The arrogance of scriptwriters for decade upon decade. Yes, there are things that need to be adapted from a book to the screen (large or small), but how many scriptwriters ever had a book published? Not that book authors make good scriptwriters, on the other hand. Douglas Adams's - during his lifetime - futile attempts to get "The Hitchhiker's Guide to the Galaxy" filmed is an example. But then Adams was a book author almost by accident. The first incarnation of H2G2 was a BBC4 radio program (the one most listened to by "bookies", it's true), and Adams, wanting to become a writer-performer, once ironically commented that he "wanted to be John Cleese", but then found that the job had already been taken ...

As I see it (and have grumped about innumerable times), the problem is that "needs of film" have degenerated into a cookie-cutter. Yes, the cookie-cutter has evolved over the decades (talking to studio trolls must be an extremely tedious business), but its depressing, homogenizing effect has not become better over the decades.


----------



## TrollinSun (Sep 9, 2022)

Just finished the third episode. I have a few thoughts about the show. I really like the scale and the settings of the show. The landscape shots and the cities look amazing. That is about the only thing in this show that I like off the bat.

If the plot of the show was meant to fit in with the legendarium, they failed spectacularly.

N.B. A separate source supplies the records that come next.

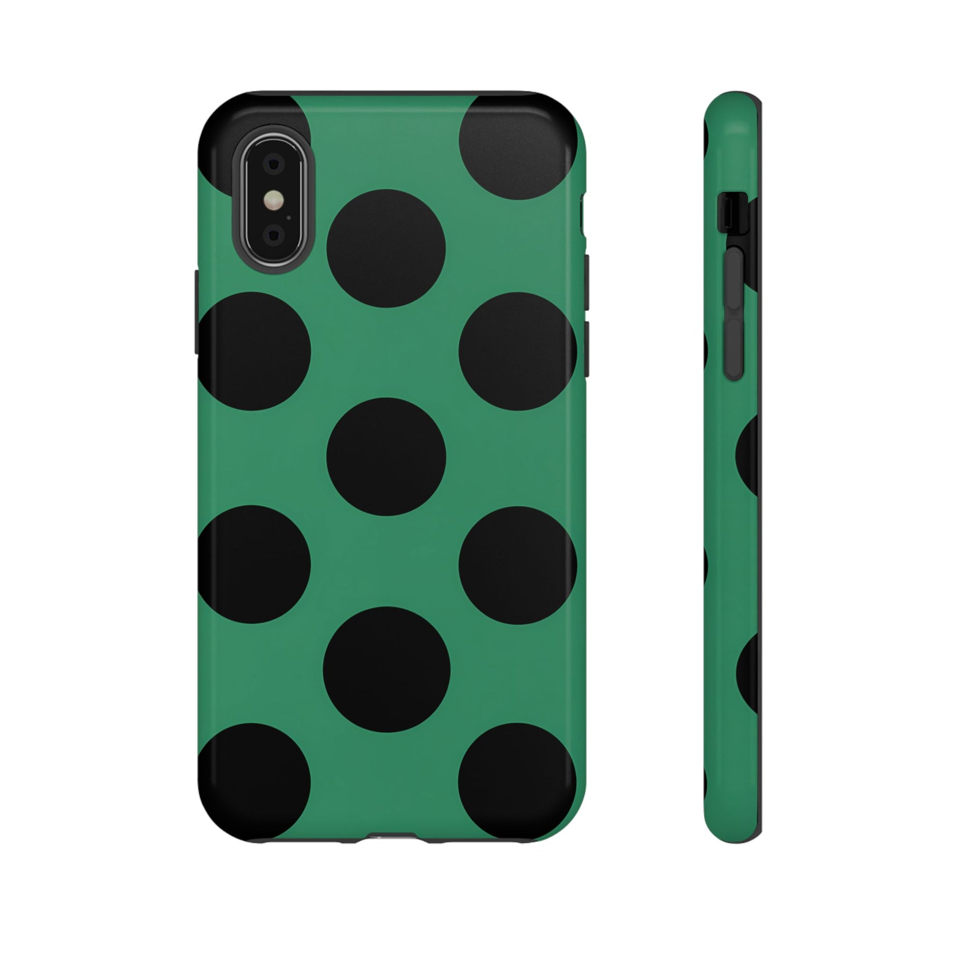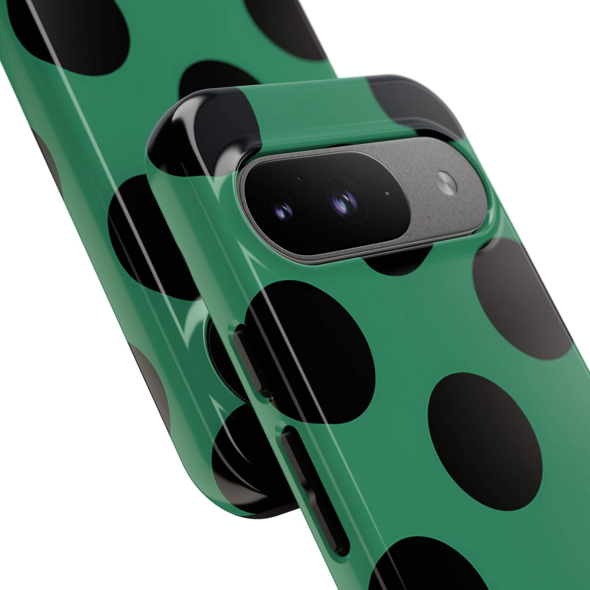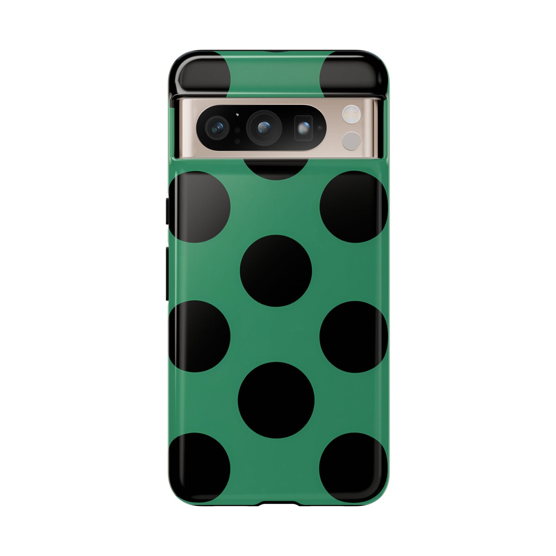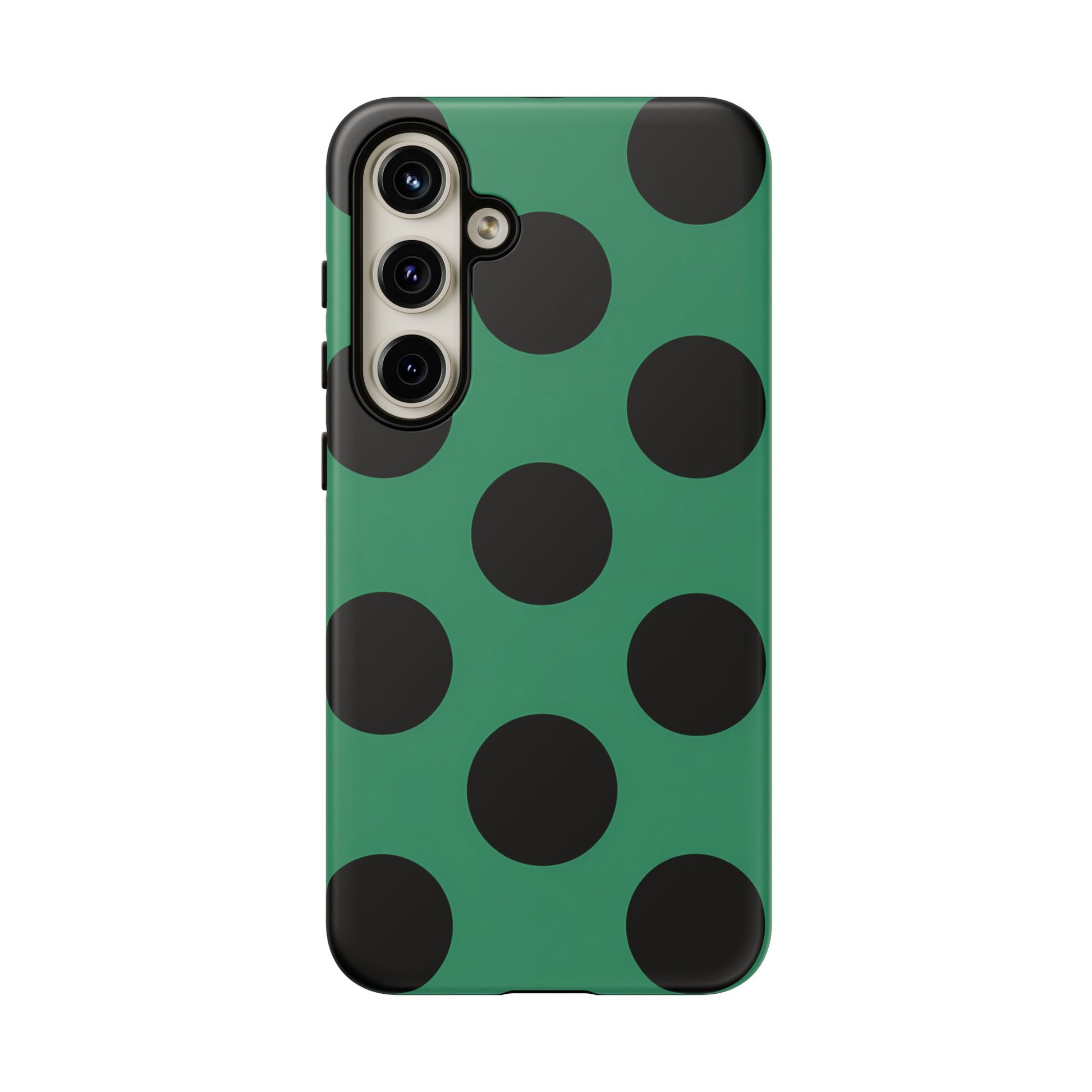 Large matte-black polka dots arranged evenly across a classic retro green background, creating a bold yet minimalist vintage look
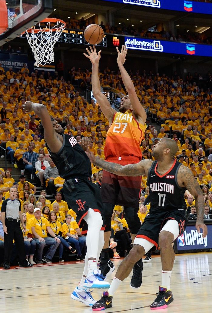 (Francisco Kjolseth | The Salt Lake Tribune) Utah Jazz center Rudy Gobert (27) rises over the Rockets in Game 3 of a first-round NBA basketball playoff series in Salt Lake City, Saturday, April 20, 2019.
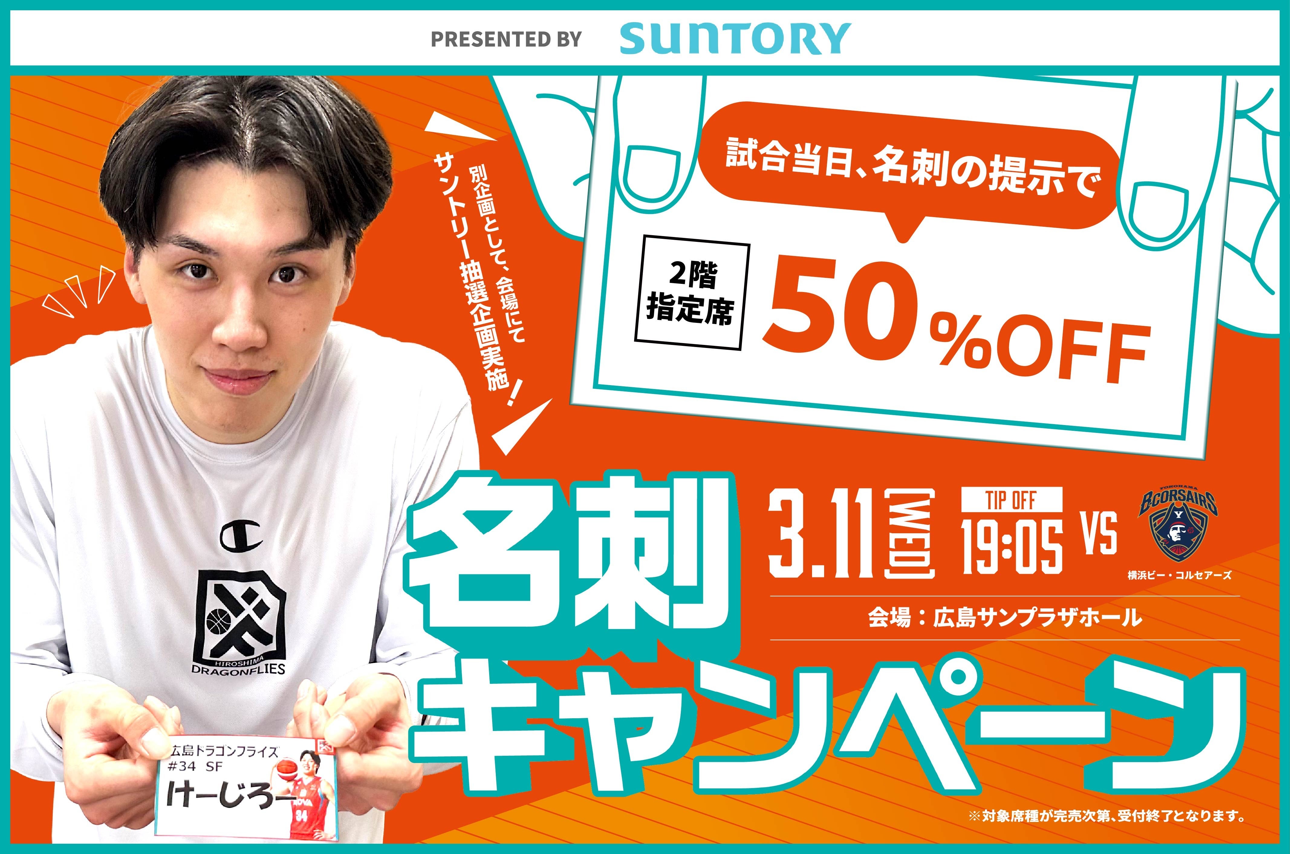 SUNTORY PRESENTS 名刺キャンペーン実施! -3/11(水)横浜ビー・コルセアーズ戦-
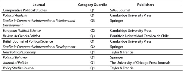La ciencia política integra el mayor número de investigaciones alrededor de los mecanismos causales. Además, es tal vez el área con mayor número de artículos y revistas asociadas al estudio de las políticas públicas. Dentro de esta disciplina se destacan autores como Derek Beach (Aarthis University), Jeb Barres (University of Southem California), John Gerring (University of Texas Austin), Nicholas Weller (University of Southern, Los Angeles), James Mahoney (Northestern University), Aníbal Pérez-Liñán (University of Notre Dame) y Charles Tilly (Columbia University), que son citados constantemente en la literatura sobre policy design o la teoría del proceso de política (policy analysis). Por otro lado, en cuanto a los artículos con mayor citación, se encuentra en primer lugar el texto de Tulia Falleti y Julia Lynch, "Context and causal mechanisms in political analysis", en el Journal Comparative Political Studies, con 354 citas y, en segundo lugar, el texto de John Gerring "Causal mechanisms: Yes, but", en el Journal Comparative Political Studies, con 116 citaciones. La producción desde la ciencia política se concentra en bases de datos como Sage (172 artículos), Cambridge University Press (163 artículos), Taylor & Francis (107 artículos) y, en menor medida, Elsevier (17 artículos). La tabla 3 identifica las principales revistas vinculadas a la ciencia política, en las que se integran temáticas asociadas al análisis o el diseño de las políticas públicas. En esta se destaca la Revista de Ciencia Política como publicación latinoamericana.
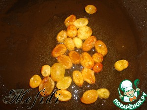 Обжариваем изюм до золотисто-вздутого состояния.
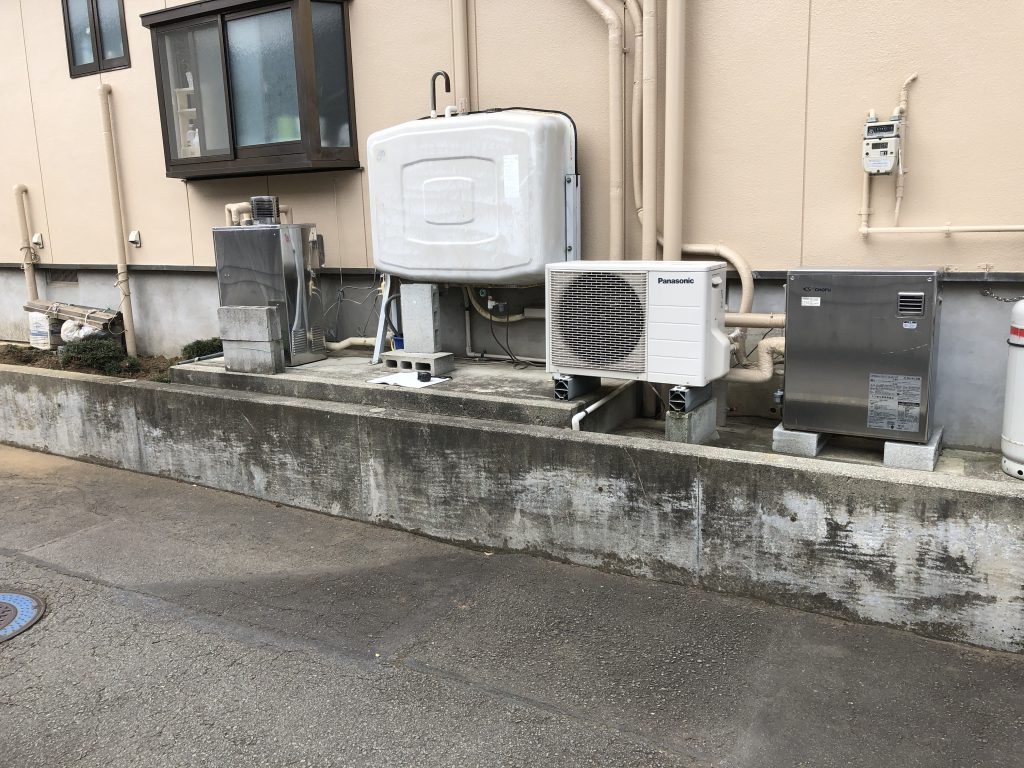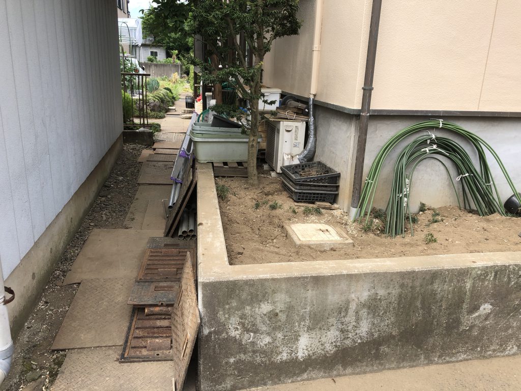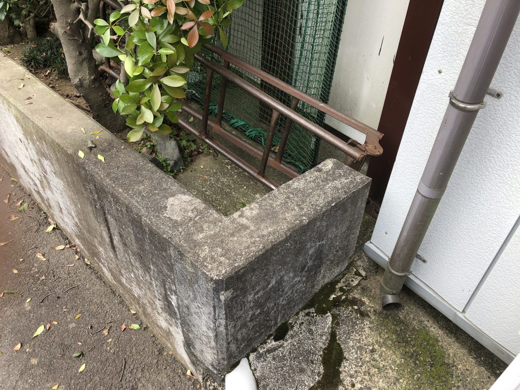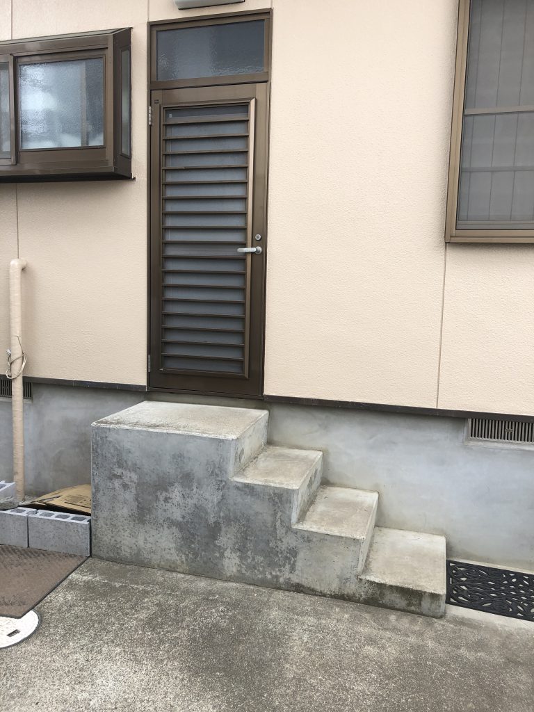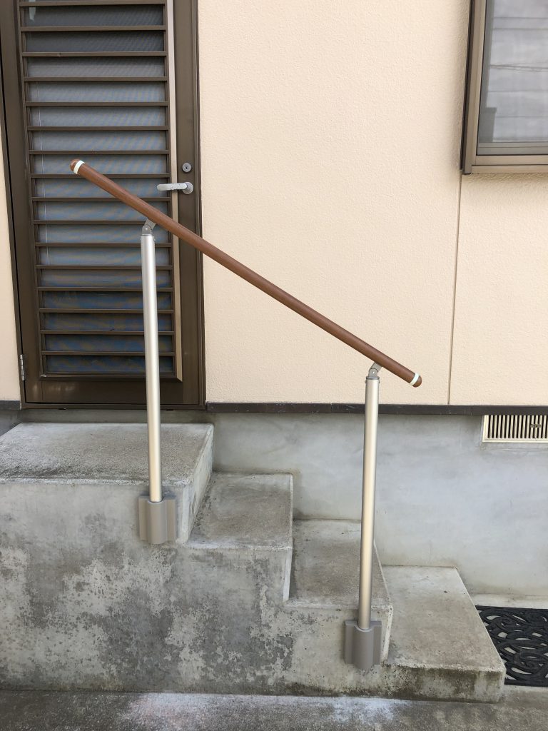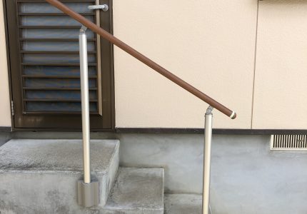 石油タンクとガスボンベのところは出入りが出来るようにし、勝手口から階段を上り下りする際の補助に手すりを取付けたいとご依頼いただきました。

We know they weren't going to, but it still takes me out of the story seeing named Tolkien characters traveling to places or doing/saying things that we know never happened or seem totally out of character. _This is biggest my grievance with the show_. I know some of you are enjoying it regardless but I just can't get into the show because of it.

Minor dislikes
Similarity between elves and humans in the show. Really how human-like they portrayed the eldar. Elves experiences anger, rage, wrath, jealousy, but I always pictured them them as regal, even when acting petty. The only elf I can think of as described as broken and desolate was Gwindor when Beleg found him.​​While ascetically pleasing, I don't like how they are portraying different cultures (not talking the race of the cast). If the hobbits are england as tolkien wished, you would think the harfoots would be a less refined but still clearly english culture, not a weird version of nomadic people not based in any english history.... Also history of the isles and nomadic people... ummmmmm​​Finally, that massive budget and you can't make any fight seem realistic and grounded? The troll fight, come on, that fight was so lame for a show of this scale. Have a struggle, destroy a real set. 
I am not a PJ loyalist but even Legolas moments aren't that bad. I want battle scenes to make me feel horror and respect. Like the charge of the rohirrim in Pelannor Fields, the horse and riders crashing from arrow fire make me wince yet the heroism still shines through in a Tolkien way. The man witnessed one of the worst moments in human history and still is capable of writing about, and must have found examples of human valor in no mans land. Battle scenes like from the King (2019) and Gettysburg make me feel like I think Tolkien wanted us to feel. Great and terrible, proud and sad, are many feats in human history and Tolkiens Legendarium.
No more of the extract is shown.